Unfortunately not. It’s long and complicated.
The girl (a) never wanted dd to associate with other girls. Only a few mutual friends that she got on with. She otoh had friends, who were not friends with my dd and my dd just accepted this. Then dd befriended another group of girls, who friend (a) didn’t like, including girl (b). A’s mum helped to blow this up and told my dd she was being a bad friend. This is when the bullying of dd really started, supported by the girl’s other friends. One btw is 3 years older.
Despite all this, the girls decided they still wanted to be friends but friend (a) wouldn’t let this blow over. Dd’s friend (a) badmouthed this other girl (b). A lot. The girl (b) got wind of it - not from my dd but through a mutual friend (c) and things blew up between the friend (a) and mutual friend (c). That evening, the badmouthed girl (b) made a large group FaceTime call to dd’s friend (a) and basically cyberbullied her. My dd repeatedly asked (b) not to make the call but still listened in, not knowing what to do. I knew nothing until the next day. Dd was so worried she made a recording of the whole thing to play to me. Dd stayed silent. I watched. It was awful viewing.

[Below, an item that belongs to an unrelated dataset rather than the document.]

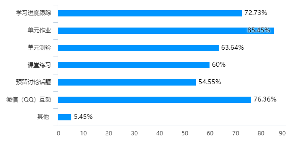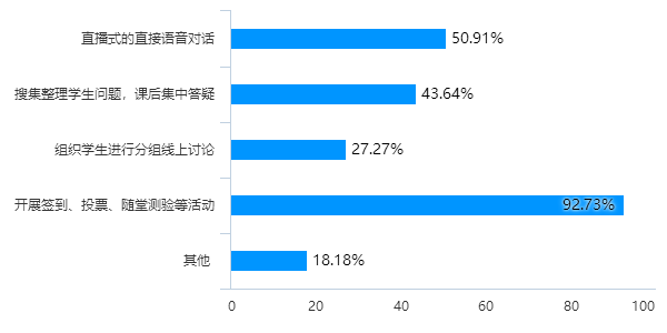(2)教学互动:调查结果显示,公司任课教师采取多样化的方式与员工在课堂上进行交流互动,其中92.73%的任课教师在线上开展了签到、投票、随堂测验活动,还有教师通过直播式的语音对话;搜集整理员工问题,课后集中答疑;组织员工进行分组讨论,等等。

I approached the badmouthed girl’s mother (b) the next day as I was concerned about the events the previous evening, only for her to tell me she’d listened to the whole thing. Not only that it was her idea. She seemed completely unaware of how awful it was. Only able to see from her child’s pov and not understanding how it would have felt to have ten 11 and 12 year olds calling you.
The mum of dd’s friend (a) changed her dd’s number and declared my dd persona non gratis. She also badmouthed us to whomsoever would listen, including women I know and was on friendly terms with, the gardener she’d introduced me to as he blocked me and so forth. Dd’s friend (a) followed suit and tried to get their mutual friends to drop dd. This resulted in some horrible moments for my dd. Friend (a) attempted to spread rumours about my dd at school and so forth.
I obviously tried to discuss this with the mum. She ignored my text. I also made my dd write a card to the friend (a) apologising stating she tried to stop this. I know we weren’t believed. But it was the absolute truth as I saw the recording. All just before they returned to school in the summer of lockdown 1 when we had allowed the children free rein of their phones for their mental health. The irony.
The saddest thing is that I’d just been trying to get the girl (a) to the first day of school when I’d intended to contact the HOY to inform her that the girl was struggling. I no longer felt able to do this as her mum had contacted the school to report a cyber bullying event and implicated my dd. I only know about this as I also reported it myself as I was concerned about the girl (a).